Zeigler Robertson said:


> That's the problem, try to alternate cheeks and positions on the cheek.
> 
> Your ass is saying find another location you've pinned this spot too much already.


That has absolutely nothing to do with hitting a nerve.


----------



## bvs (Mar 18, 2016)

Zeigler Robertson said:


> That's the problem, try to alternate cheeks and positions on the cheek.
> 
> Your ass is saying find another location you've pinned this spot too much already.



yeah this has nothing to do with nerves nor is your ass 'telling' you anything
its possible you hit an artery


----------



## snake (Mar 18, 2016)

ECKSRATED said:


> Funny story. My buddy was complaining about how bad his shots were hurting him. He runs the same gear I do and it's painless. So come to find out he was having his girl pin for him. He would lean uo against the wall and flex his asscheeks then made her jab him. I said what the ****kkkkkkkkkkkk. Told him to lay on the bed and relax his muscle before she injects. He said na dude that's not how u do it blah blah blah. I said ok. Lol. A couple weeks later he tells me he tried the way I said and has had no pain since. Idiot.
> 
> I can't imagine sticking a needle into a flexed asscheek. Ouch.



She knew. Bitches can be so sadistic!


----------



## grind4it (Mar 18, 2016)

I got tattooos on my VGs. I hit the right spot everytime.......that's what she said


----------



## John Ziegler (Mar 18, 2016)

bvs said:


> yeah this has nothing to do with nerves nor is your ass 'telling' you anything
> its possible you hit an artery



So are you guys saying to go ahead and pin a "usual spot" because it is perfectly safe ?

Is it at all possible that if you pin the same spot over and over it may get tender irritated and maybe even hurt if you keep pinning it ?


----------



## ECKSRATED (Mar 18, 2016)

Is that really your tattoo? What is it?  Better not be my bitch nandy!!!!


----------



## PillarofBalance (Mar 18, 2016)

Zeigler Robertson said:


> So are you guys saying to go ahead and pin a "usual spot" because it is perfectly safe ?
> 
> Is it at all possible that if you pin the same spot over and over it may get tender irritated and maybe even hurt if you keep pinning it ?

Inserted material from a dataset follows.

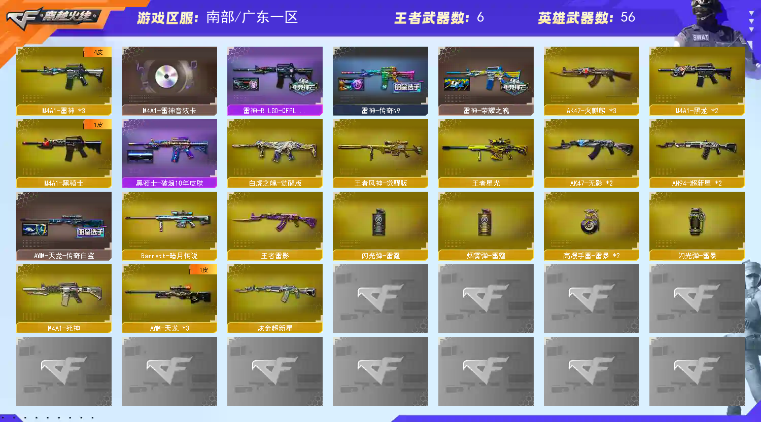 【传说夜影+传说幽冥】【M200-幻神+幻神-荣耀世冠白鲨2023】【Kar98K-星神+音效卡+枪娘默】【王者风神】【g36c幻影】【白虎之魄】【QBZ03-金色蔷薇+冠军之薇+传奇宠儿】【裁决+异化之源+流光秘银】【毁灭+毁灭-荣耀之怒】【极光】【火麒麟+火麒麟-枪娘】【黑龙】【雷神+音效卡+雷神-lgd18冠军+雷神-传奇n9+雷神-白鲨14冠军】【黑骑士】【无影 超新星 】【8手枪 天神*5 柯尔特荣耀世冠白鲨2023 冠军之特】【8近战 屠龙*5 麒麟刺*3】【四防 王者沙漠玫瑰】;柯尔特-荣耀世冠白鲨2023,传说幽冥,柯尔特-冠军之特,隼,王者沙漠玫瑰,QBZ03-金色蔷薇,G36C-幻影,

Not really, maybe if doing daily injects. What's more likely is a build up of scar tissue makes it almost impossibleimpossible to eject oil from the syringe. And if you do manage to get the oil in there you will regret it for about 2 weeks.


----------



## jackson1 (Mar 18, 2016)

bvs said:


> yeah this has nothing to do with nerves nor is your ass 'telling' you anything
> its possible you hit an artery



Yea I definitely hit something.  Just weird because I used to only ever pin quads.  And I got tired of the vessels/nerves in there so I decide to rotate glutes this time.  Every time till this has been smooth sailing and painless.


----------



## ToolSteel (Mar 18, 2016)

Ventro glute ftw. So painless I wish I had 5ml barrels.


----------



## NbleSavage (Mar 18, 2016)

ToolSteel said:


> Ventro glute ftw. So painless I wish I had 5ml barrels.



X2 on VG pinning. Smooth like buttah.


----------



## grind4it (Mar 18, 2016)

Yes, thats really my tatoo. Its tren. I got test on the other side




ECKSRATED said:


> Is that really your tattoo? What is it?  Better not be my bitch nandy!!!!


----------



## JAXNY (Mar 18, 2016)

You need to be careful to really not hit the nerve or you could have big problems. There is a specific area that you need to stay within. If I pull a needle out and haven't injected it all, I never reuse and insert the same needle, I use a new one. 
I've been alternating glutes only for decades. You can and will build up scare tissue but you should be fine. Just make sure you are staying with in the proper area so you actually do not hit the nerve.


----------



## ECKSRATED (Mar 18, 2016)

grind4it said:


> Yes, thats really my tatoo. Its tren. I got test on the other side


That's ****ing awesome. Good shit


----------



## Yaya (Mar 18, 2016)

I did a glute injection once and for like 2 months I had a sharp pain down my left leg.. probably blasted into a nerve


----------



## Milo (Mar 18, 2016)

It happens. Once had a stream of blood shoot out of my ass cheek and hit the mirror.


----------



## ToolSteel (Mar 19, 2016)

I hit one in me delt once and had a numb patch of skin for a couple weeks. It was weird. When I would put my hands up like doing an ohp or getting into a squat, it felt like I had a big
Piece of tape on my shoulder.


----------



## John Ziegler (Mar 19, 2016)

JAXNY said:


> You need to be careful to really not hit the nerve or you could have big problems. There is a specific area that you need to stay within. Just make sure you are staying with in the proper area so you actually do not hit the nerve.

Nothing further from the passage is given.